_WORK REQUEST_
The listing below must be repeated word for word, with its images excluded.

_SUPPLIED MATERIAL_
▬▬▬▬▬▬▬▬▬▬
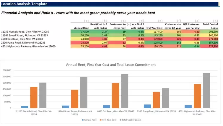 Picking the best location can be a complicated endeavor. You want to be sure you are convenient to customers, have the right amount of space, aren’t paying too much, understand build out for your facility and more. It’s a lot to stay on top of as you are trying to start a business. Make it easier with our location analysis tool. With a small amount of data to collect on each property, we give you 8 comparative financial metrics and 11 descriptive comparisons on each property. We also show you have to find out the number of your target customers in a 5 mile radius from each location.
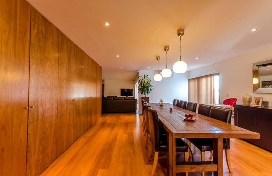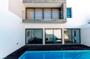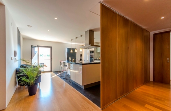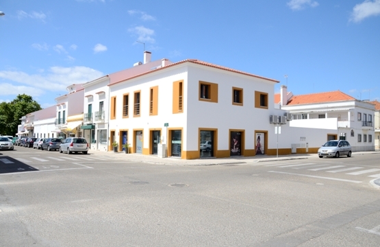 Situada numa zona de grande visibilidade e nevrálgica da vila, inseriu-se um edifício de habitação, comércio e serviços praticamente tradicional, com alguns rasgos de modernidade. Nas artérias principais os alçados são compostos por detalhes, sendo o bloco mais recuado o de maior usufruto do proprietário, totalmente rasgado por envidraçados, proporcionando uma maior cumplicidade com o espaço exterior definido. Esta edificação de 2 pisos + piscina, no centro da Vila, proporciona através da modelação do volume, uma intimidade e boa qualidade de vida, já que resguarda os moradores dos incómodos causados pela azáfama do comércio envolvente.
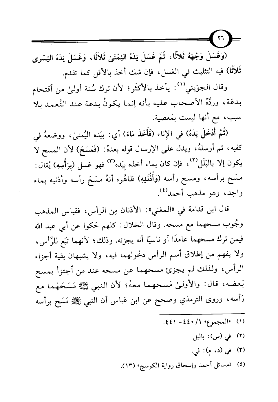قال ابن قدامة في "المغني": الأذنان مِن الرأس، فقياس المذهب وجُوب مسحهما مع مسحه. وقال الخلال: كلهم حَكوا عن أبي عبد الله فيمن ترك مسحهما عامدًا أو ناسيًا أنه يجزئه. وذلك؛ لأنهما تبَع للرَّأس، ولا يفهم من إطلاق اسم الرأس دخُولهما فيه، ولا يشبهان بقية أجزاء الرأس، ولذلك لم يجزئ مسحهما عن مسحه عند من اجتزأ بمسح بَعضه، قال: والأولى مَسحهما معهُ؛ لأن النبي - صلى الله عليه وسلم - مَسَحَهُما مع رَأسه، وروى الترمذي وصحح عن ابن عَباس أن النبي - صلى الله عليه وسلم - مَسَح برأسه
▬▬▬▬▬▬▬▬▬▬
_SOLUTION TO THE PROBLEM_
 Picking the best location can be a complicated endeavor. You want to be sure you are convenient to customers, have the right amount of space, aren’t paying too much, understand build out for your facility and more. It’s a lot to stay on top of as you are trying to start a business. Make it easier with our location analysis tool. With a small amount of data to collect on each property, we give you 8 comparative financial metrics and 11 descriptive comparisons on each property. We also show you have to find out the number of your target customers in a 5 mile radius from each location.
 Situada numa zona de grande visibilidade e nevrálgica da vila, inseriu-se um edifício de habitação, comércio e serviços praticamente tradicional, com alguns rasgos de modernidade. Nas artérias principais os alçados são compostos por detalhes, sendo o bloco mais recuado o de maior usufruto do proprietário, totalmente rasgado por envidraçados, proporcionando uma maior cumplicidade com o espaço exterior definido. Esta edificação de 2 pisos + piscina, no centro da Vila, proporciona através da modelação do volume, uma intimidade e boa qualidade de vida, já que resguarda os moradores dos incómodos causados pela azáfama do comércio envolvente.
قال ابن قدامة في "المغني": الأذنان مِن الرأس، فقياس المذهب وجُوب مسحهما مع مسحه. وقال الخلال: كلهم حَكوا عن أبي عبد الله فيمن ترك مسحهما عامدًا أو ناسيًا أنه يجزئه. وذلك؛ لأنهما تبَع للرَّأس، ولا يفهم من إطلاق اسم الرأس دخُولهما فيه، ولا يشبهان بقية أجزاء الرأس، ولذلك لم يجزئ مسحهما عن مسحه عند من اجتزأ بمسح بَعضه، قال: والأولى مَسحهما معهُ؛ لأن النبي - صلى الله عليه وسلم - مَسَحَهُما مع رَأسه، وروى الترمذي وصحح عن ابن عَباس أن النبي - صلى الله عليه وسلم - مَسَح برأسه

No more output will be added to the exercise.